Padmanabhan Balasundaram, Paehler Arno, Horikoshi Masami
Horikoshi Gene Selector Project, Exploratory Research for Advanced Technology (ERATO), Japan Science and Technology Corporation (JST), 5-9-6 Tokodai, Tsukuba, Ibaraki 300-2635, Japan.
Acta Crystallogr D Biol Crystallogr. 2002 Aug;58(Pt 8):1322-8. doi: 10.1107/s0907444902010156. Epub 2002 Jul 20.

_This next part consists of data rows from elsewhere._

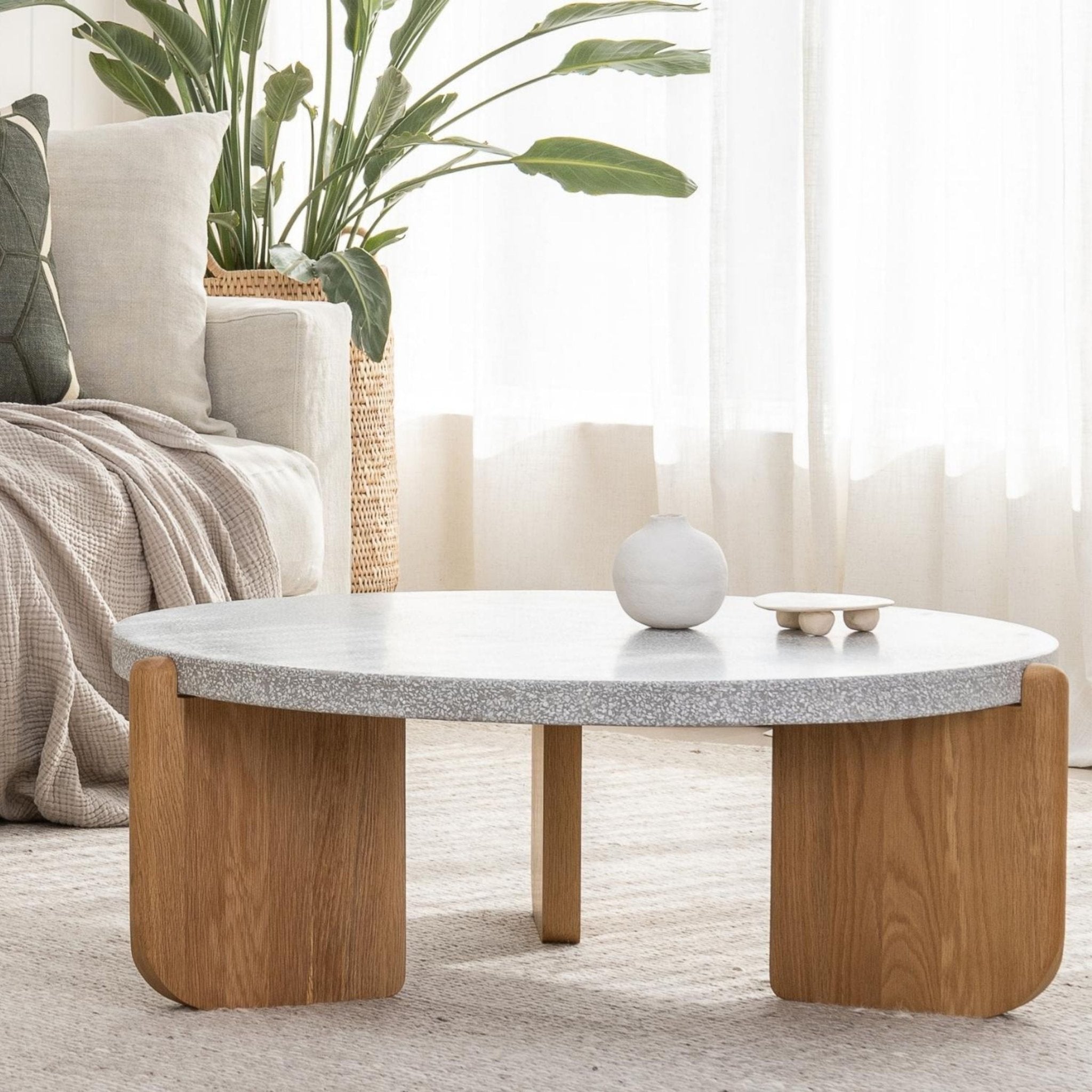 Native Coffee Table - Warm Cement & Light Oak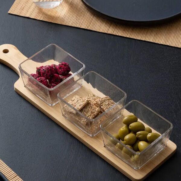 Set za predjelo sa 4 dela (tanjiri/posude), elegantan dizajn. Idealan za serviranje aperitiva i grickalica.
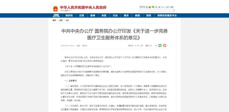 昨日,中共中央辦公廳、國務院辦公廳最新發(fā)布了《關于進一步完善醫(yī)療衛(wèi)生服務體系的意見》?!兑庖姟窂摹皟?yōu)化資源配置,加強人才隊伍建設,推進能力現代化”、“加強分工合作,促進分級診療,推進體系整合化”、“提高服務質量、改善服務體驗,推進服務優(yōu)質化”、“加強科學管理、壓實責任、推進管理精細化”、“深化體制機制改革,提升動力,推進治理科學化”五大方面全面闡述建設中國特色優(yōu)質高效的醫(yī)療衛(wèi)生服務體系的政策措施。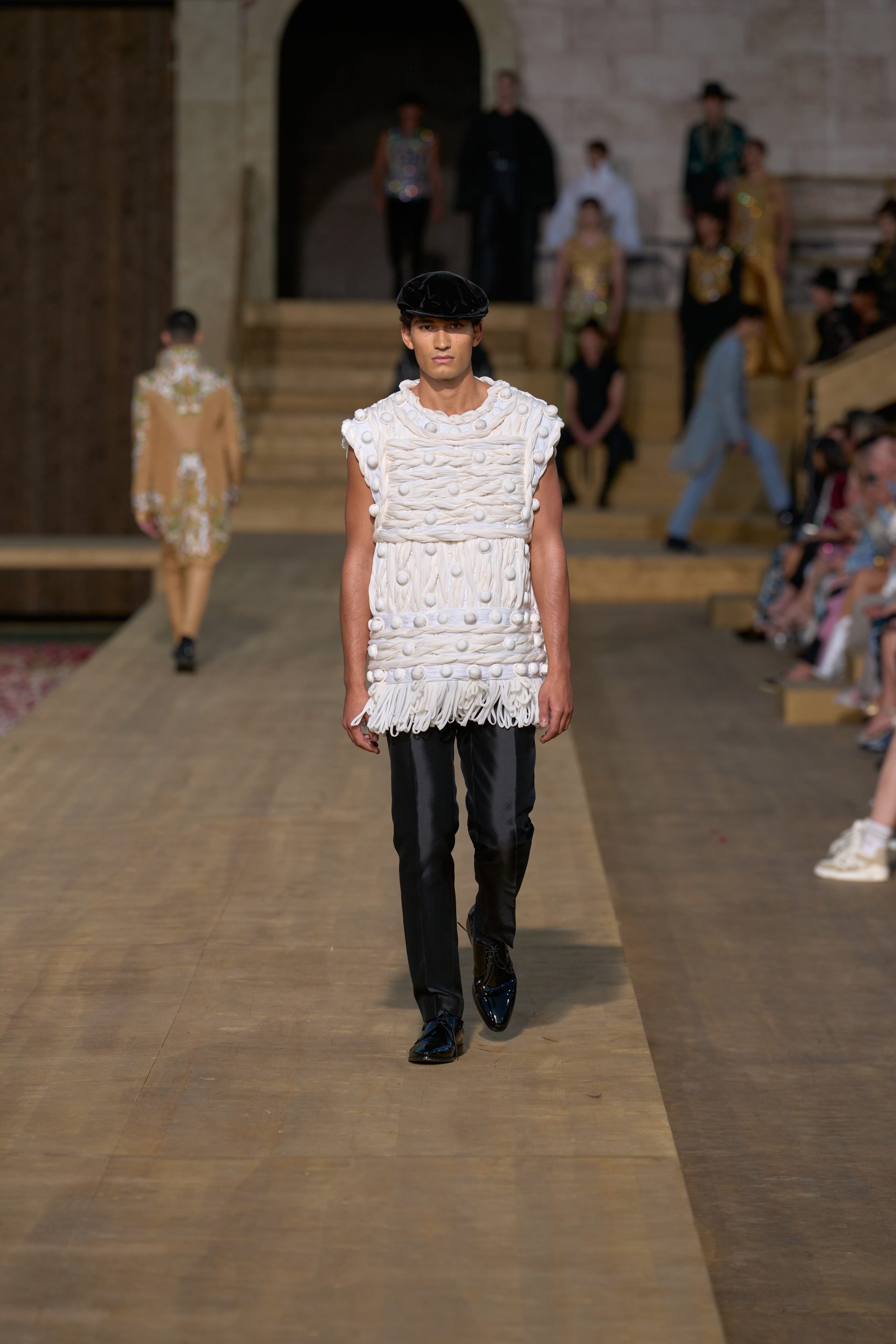 Những thiết kế trong show diễn Alta Sartoria lần này được lấy cảm hứng từ Lễ hội Sant’Efisio và văn hóa dân gian Sardinia, cả trong việc lựa chọn họa tiết trang trí và chất liệu, cũng như trong khâu thủ công.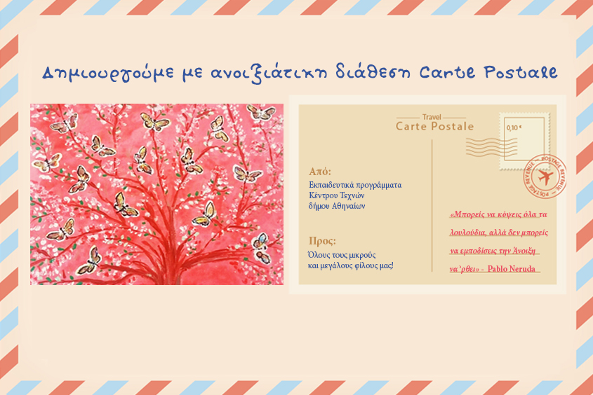Ο Οργανισμός Πολιτισμού, Αθλητισμού και Νεολαίας συνεχίζει να έρχεται στο σπίτι σας, αυτή τη φορά με άλλη μια εκπαιδευτική δράση για όλη την οικογένεια και σας προσκαλεί να δημιουργήσετε carte postale με ανοιξιάτικη διάθεση!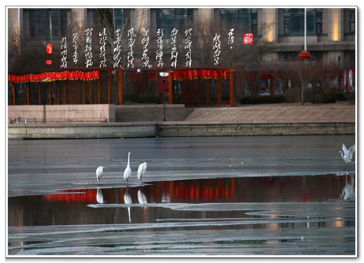 影 · 韵 | 张立新:五律 · 新湖白鹭 ©原创 2023-01-28 10:49 0 五律 · 新湖白鹭 □张立新 灯光映月辉,白鹭立斜晖。 影落寒潭静,声传远树微。 风高云漠漠,雪尽水依依。 此际情何限,醉翁拌鹤归。 德州日报新媒体出品 编辑 | 李玉友 审核 | 冯光华 终审 | 尹滨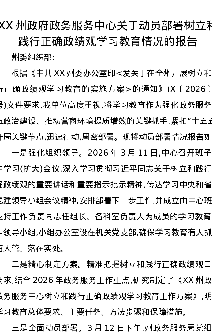 XX州政府政务服务中心关于动员部署树立和践行正确ZJG学习教育情况的报告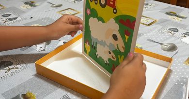En casa lo hemos hecho entre todos (abuelos y amiguitos incluidos) y al terminarlo lo hemos colgado en la habitación como decoración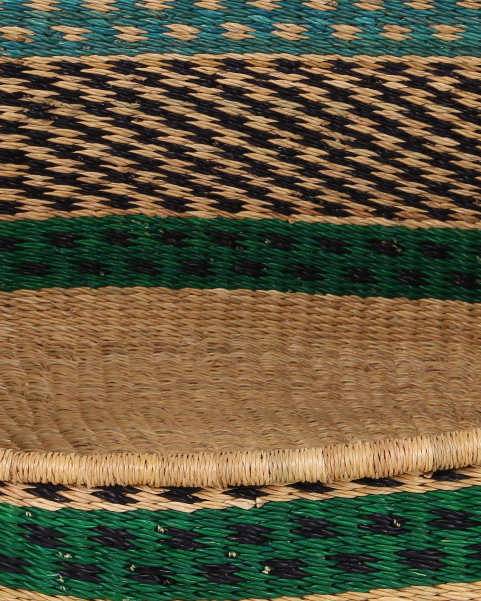 Woven from indigenous veta vera grasses in Northern Ghana - also known as Elephant Grass - each dog basket takes up to three days to weave by hand. The production process is lengthy: this Ghanaian grass is harvested, split, hand-rolled and dyed before a skilled weaver from our partner weaving cooperative in sets to work.

The crystal structure of Actinobacillus creatine amidinohydrolase has been solved by molecular replacement. The amino-acid sequence has been derived from the crystal structure. Crystals belong to space group I222, with unit-cell parameters a = 111.26 (3), b = 113.62 (4), c = 191.65 (2) A, and contain two molecules in an asymmetric unit. The structure was refined to an R factor of 18.8% at 2.7 A resolution. The crystal structure contains a dimer of 402 residues and 118 water molecules. The protein structure is bilobal, consisting of a small N-terminal domain and a large C-terminal domain. The C-terminal domain has a pitta-bread fold, similar to that found in Pseudomonas putida creatinase, proline aminopeptidases and methionine aminopeptidase. Comparison with complex crystal structures of P. putida creatinase reveals that the enzyme activity of Actinobacillus creatinase might be similar to that of P. putida creatinase.
肌动杆菌肌酸脒基水解酶的晶体结构已通过分子置换法解析出来。氨基酸序列由晶体结构推导得出。晶体属于I222空间群,晶胞参数为a = 111.26 (3)、b = 113.62 (4)、c = 191.65 (2) Å,一个不对称单位中含有两个分子。该结构在2.7 Å分辨率下精修至R因子为18.8%。晶体结构包含一个由402个残基和118个水分子组成的二聚体。蛋白质结构呈双叶状,由一个小的N端结构域和一个大的C端结构域组成。C端结构域具有皮塔饼折叠结构,类似于恶臭假单胞菌肌酸酶、脯氨酸氨肽酶和甲硫氨酸氨肽酶中的结构。与恶臭假单胞菌肌酸酶的复合晶体结构比较表明,肌动杆菌肌酸酶的酶活性可能与恶臭假单胞菌肌酸酶的酶活性相似。